A Moment-QSOS Hierarchy for a Class of Quaternion Polynomial Optimization Problems
Yanqing Liu, Jie Wang

TL;DR
This paper develops a hierarchy of semidefinite relaxations for quaternion polynomial optimization, improving scalability and tightness, with demonstrated efficiency on practical problems.
Contribution
It introduces a novel quaternion-specific SOS hierarchy with sparsity and basis strengthening techniques for better scalability and solution quality.
Findings
Provides bounds comparable to existing methods
Reduces computation time and memory usage
Effective on quaternion-based maximum margin and orientation synchronization problems
Abstract
This paper introduces a Moment-Quaternion-Sum-of-Squares (QSOS) hierarchy for solving a class of quaternion polynomial optimization problems. This hierarchy is formulated directly in the quaternion domain and consists of a sequence of semidefinite programming (SDP) relaxations that provide monotonic lower bounds on the optimal value. To improve scalability, we incorporate correlative sparsity, which can significantly reduce the size of the resulting SDPs for large-scale sparse problems.
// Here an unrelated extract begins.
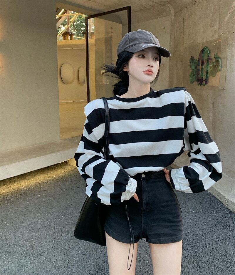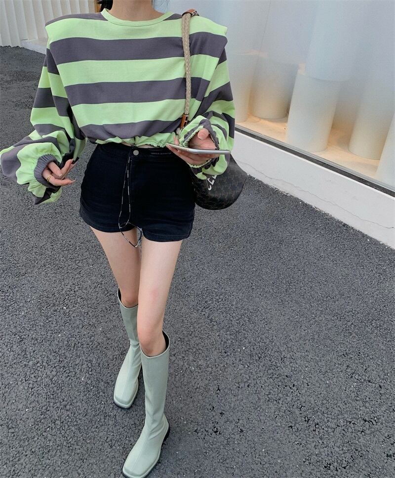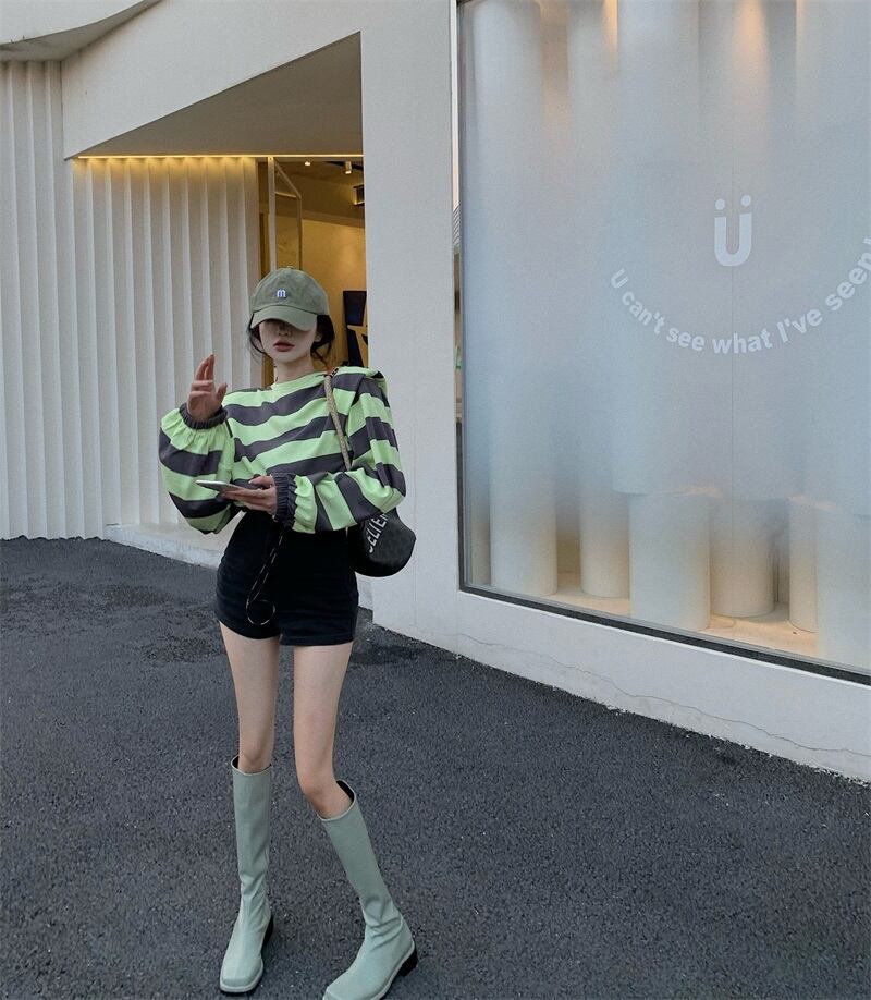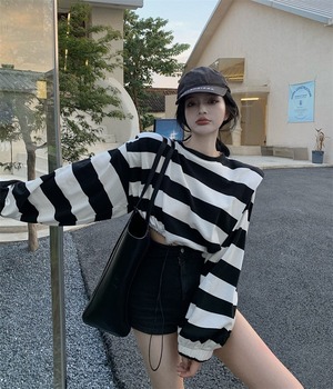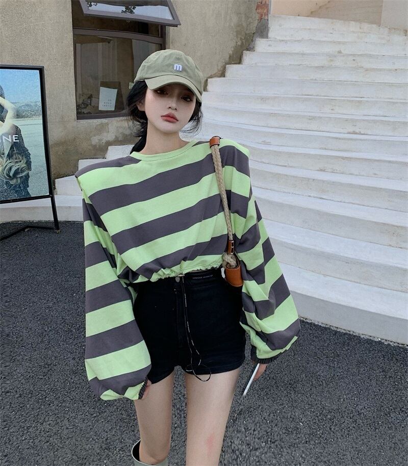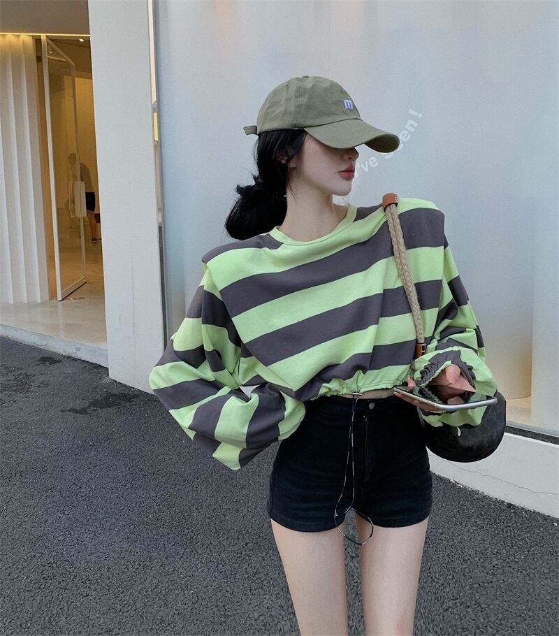 オータムスタイルスタンダードストライプセーター ルーズウェストショートトップス ロング レトロ 秋物 Xiaofeijia92793308002
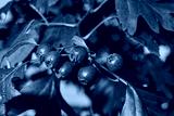 Ripe hawthorn fruits hanging on a branch among dense foliage. Natural seasonal background for health and nature illustrations. Macrophotography of hawthorn fruits on a background of green leaves.

Furthermore, we introduce a strengthened QSOS relaxation, which enhances the tightness of the standard relaxation by enlarging the monomial basis in a controlled manner. Our various Numerical experiments show that our approach provides comparable bounds to existing approaches, while significantly reducing computation time and memory usage. In particular, applications to the quaternion-based maximum…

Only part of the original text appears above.